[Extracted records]
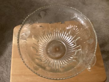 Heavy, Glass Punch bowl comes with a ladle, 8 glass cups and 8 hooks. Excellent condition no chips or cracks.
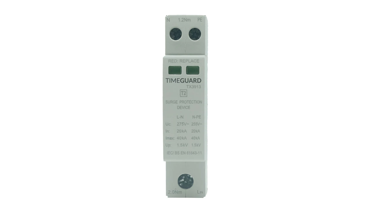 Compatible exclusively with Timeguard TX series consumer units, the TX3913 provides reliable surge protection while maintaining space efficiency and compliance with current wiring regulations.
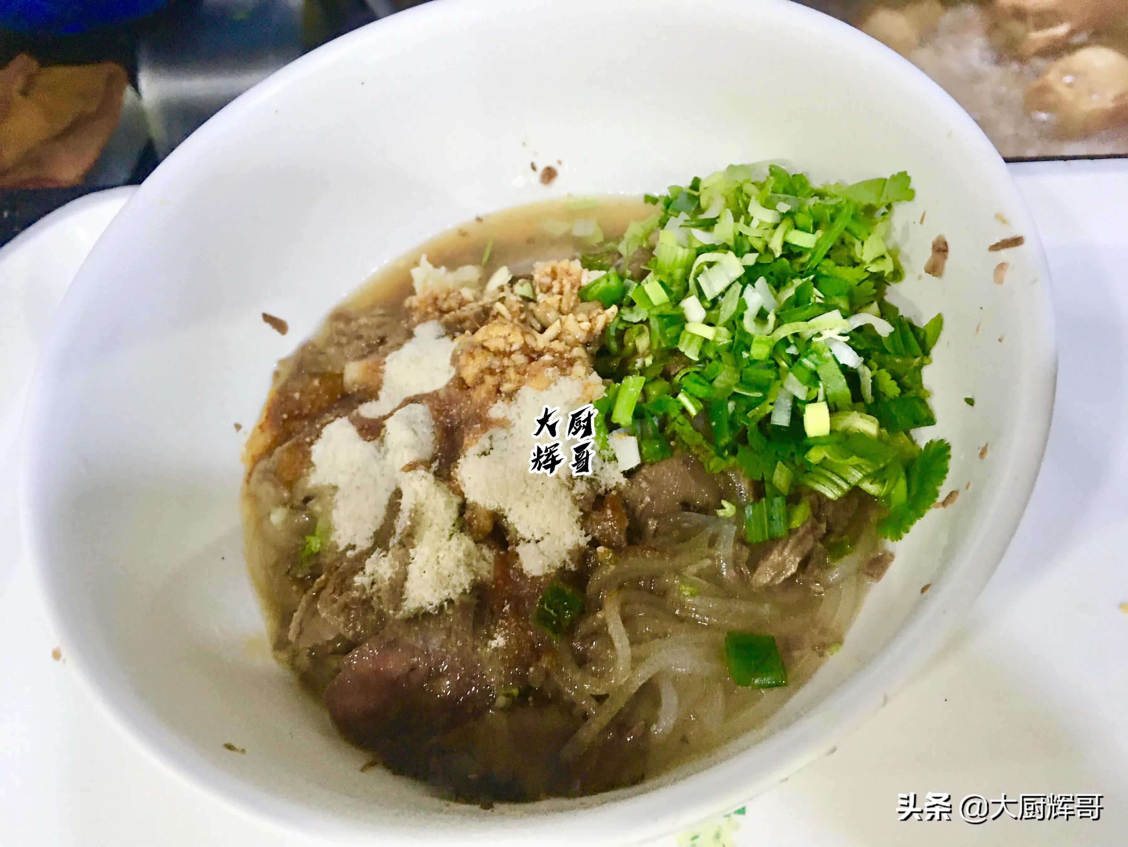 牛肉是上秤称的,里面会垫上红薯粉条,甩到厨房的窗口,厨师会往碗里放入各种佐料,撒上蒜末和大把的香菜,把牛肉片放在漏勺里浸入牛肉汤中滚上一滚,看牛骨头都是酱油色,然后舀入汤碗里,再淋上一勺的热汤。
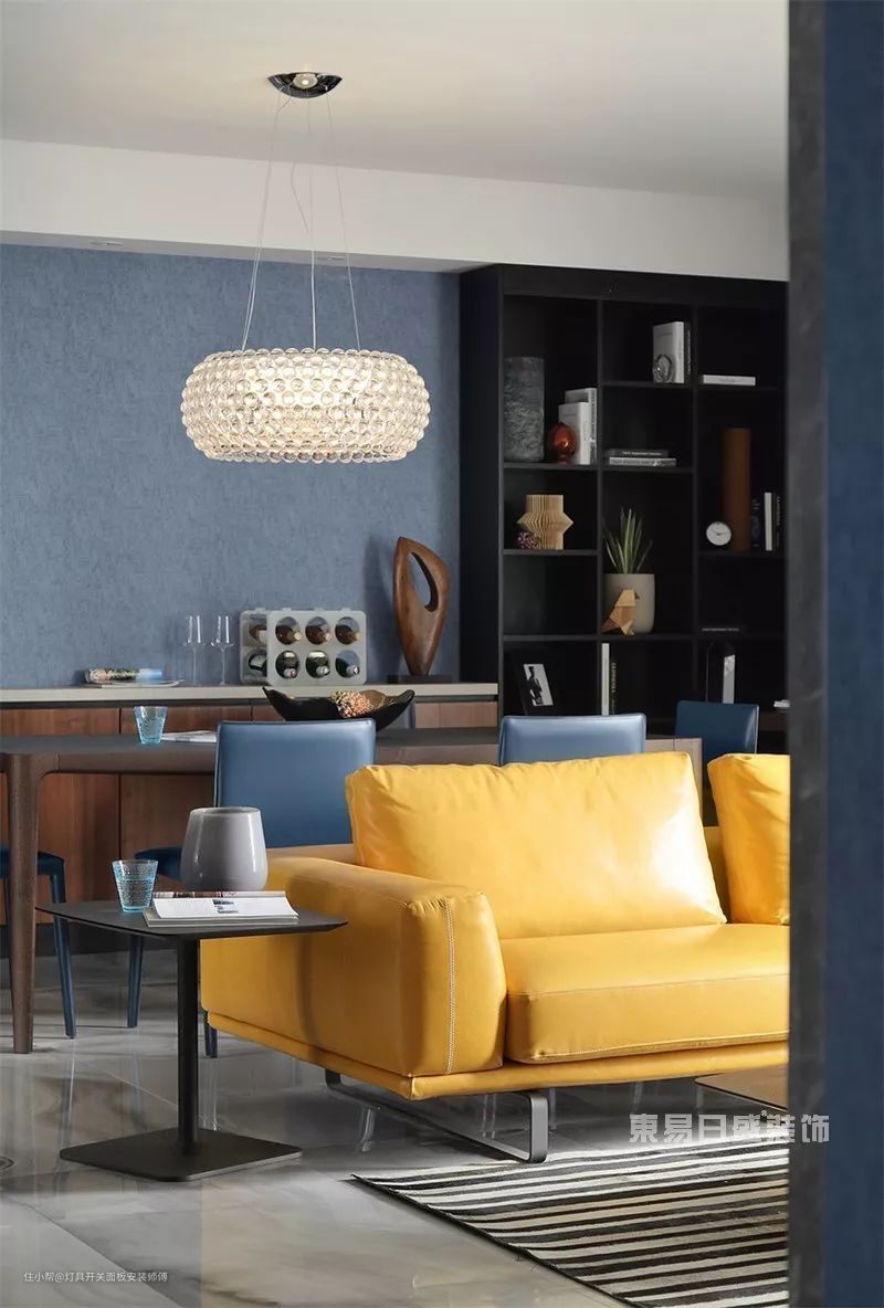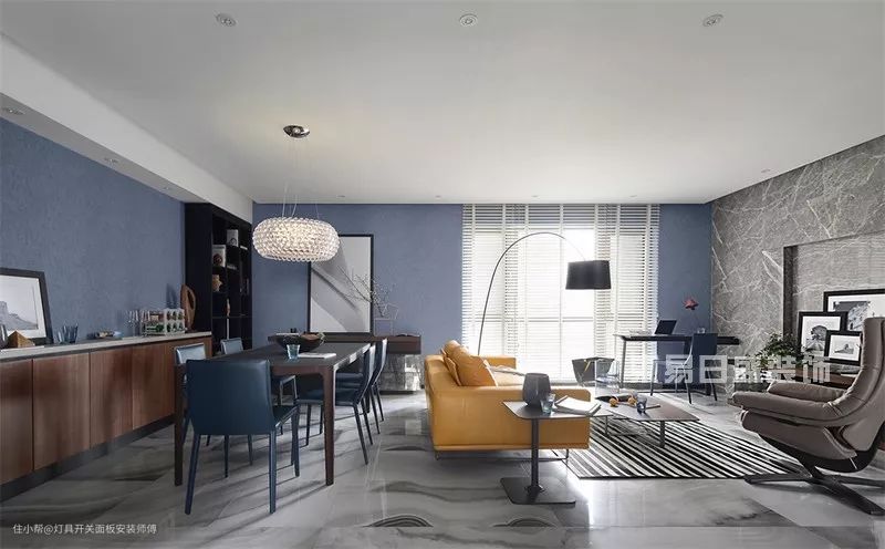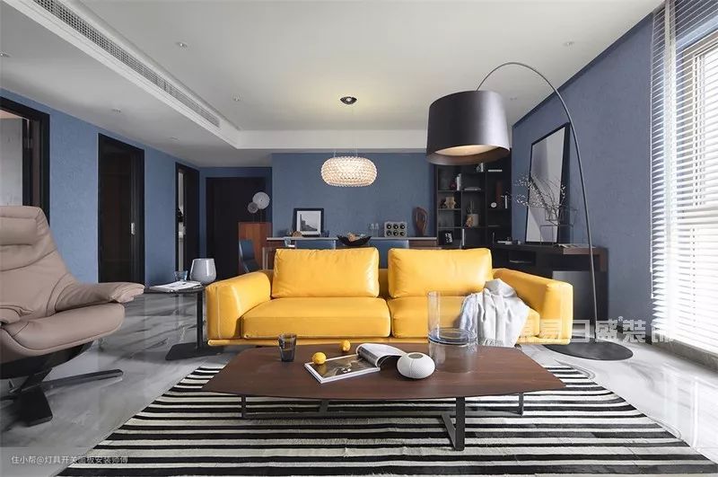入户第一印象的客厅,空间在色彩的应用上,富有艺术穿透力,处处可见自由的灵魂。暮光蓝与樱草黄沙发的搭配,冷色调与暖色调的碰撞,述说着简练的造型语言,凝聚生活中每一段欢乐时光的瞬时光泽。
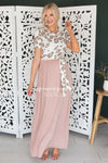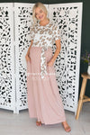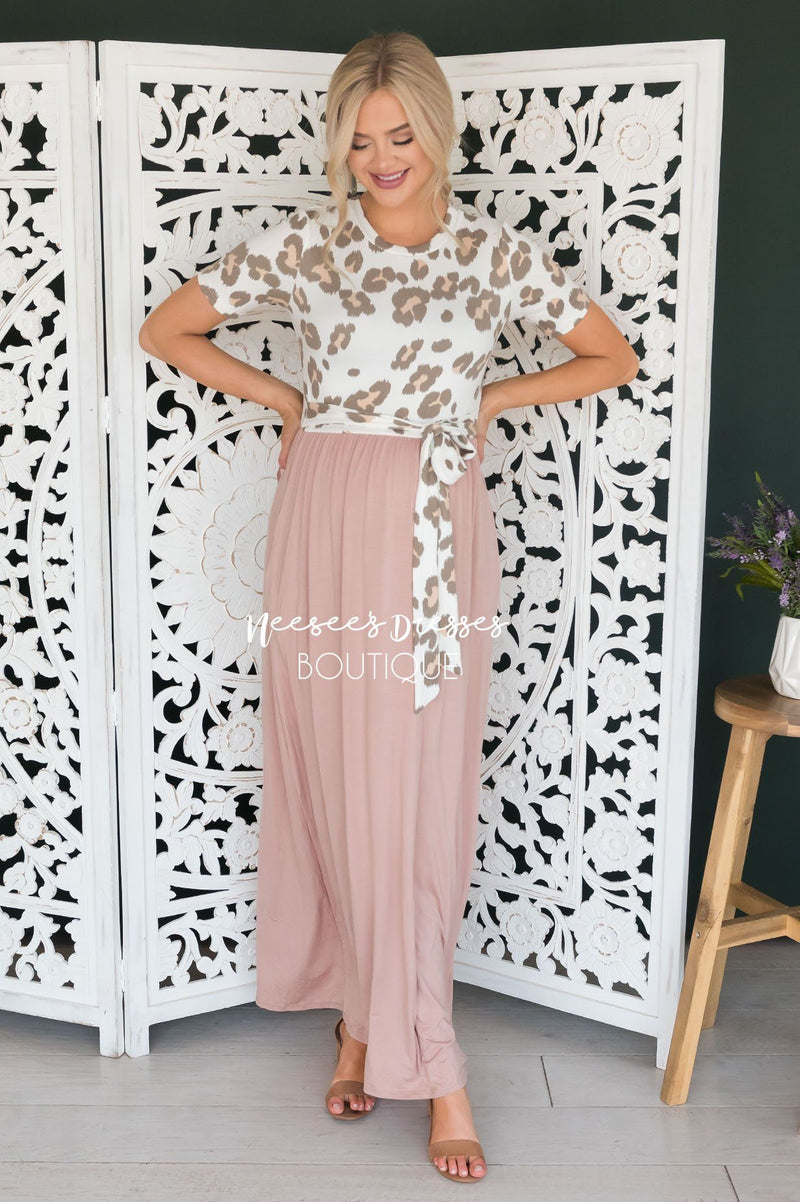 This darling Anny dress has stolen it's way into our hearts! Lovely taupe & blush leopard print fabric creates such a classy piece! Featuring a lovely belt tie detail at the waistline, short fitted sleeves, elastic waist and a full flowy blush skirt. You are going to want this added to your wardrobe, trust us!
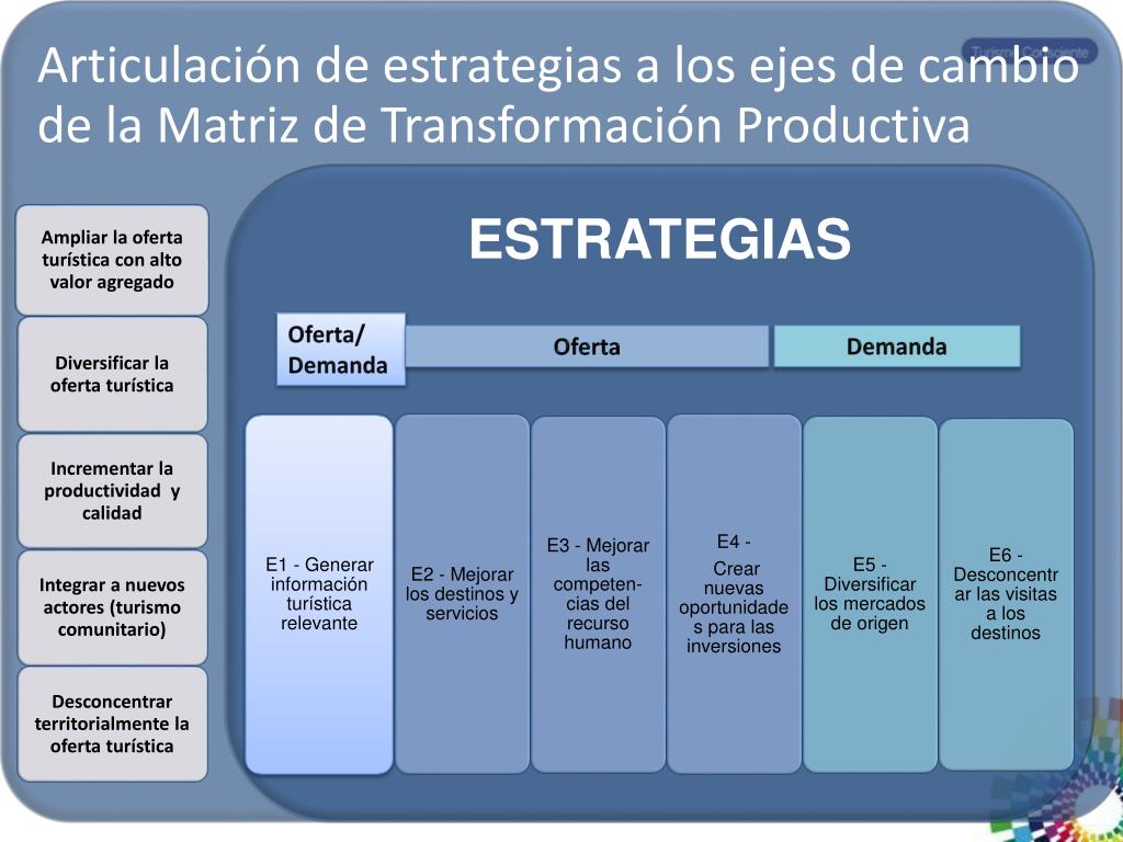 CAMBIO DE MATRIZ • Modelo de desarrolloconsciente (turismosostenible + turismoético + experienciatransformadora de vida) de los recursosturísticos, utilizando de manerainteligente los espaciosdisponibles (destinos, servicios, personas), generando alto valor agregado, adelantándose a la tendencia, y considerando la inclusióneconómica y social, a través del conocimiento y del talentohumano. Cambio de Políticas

# WORK REQUEST:
Once the pictures are removed, write out all of the entries above exactly.

# SOLVED PROBLEM:
 Heavy, Glass Punch bowl comes with a ladle, 8 glass cups and 8 hooks. Excellent condition no chips or cracks.
 Compatible exclusively with Timeguard TX series consumer units, the TX3913 provides reliable surge protection while maintaining space efficiency and compliance with current wiring regulations.
 牛肉是上秤称的,里面会垫上红薯粉条,甩到厨房的窗口,厨师会往碗里放入各种佐料,撒上蒜末和大把的香菜,把牛肉片放在漏勺里浸入牛肉汤中滚上一滚,看牛骨头都是酱油色,然后舀入汤碗里,再淋上一勺的热汤。
入户第一印象的客厅,空间在色彩的应用上,富有艺术穿透力,处处可见自由的灵魂。暮光蓝与樱草黄沙发的搭配,冷色调与暖色调的碰撞,述说着简练的造型语言,凝聚生活中每一段欢乐时光的瞬时光泽。
 This darling Anny dress has stolen it's way into our hearts! Lovely taupe & blush leopard print fabric creates such a classy piece! Featuring a lovely belt tie detail at the waistline, short fitted sleeves, elastic waist and a full flowy blush skirt. You are going to want this added to your wardrobe, trust us!
 CAMBIO DE MATRIZ • Modelo de desarrolloconsciente (turismosostenible + turismoético + experienciatransformadora de vida) de los recursosturísticos, utilizando de manerainteligente los espaciosdisponibles (destinos, servicios, personas), generando alto valor agregado, adelantándose a la tendencia, y considerando la inclusióneconómica y social, a través del conocimiento y del talentohumano. Cambio de Políticas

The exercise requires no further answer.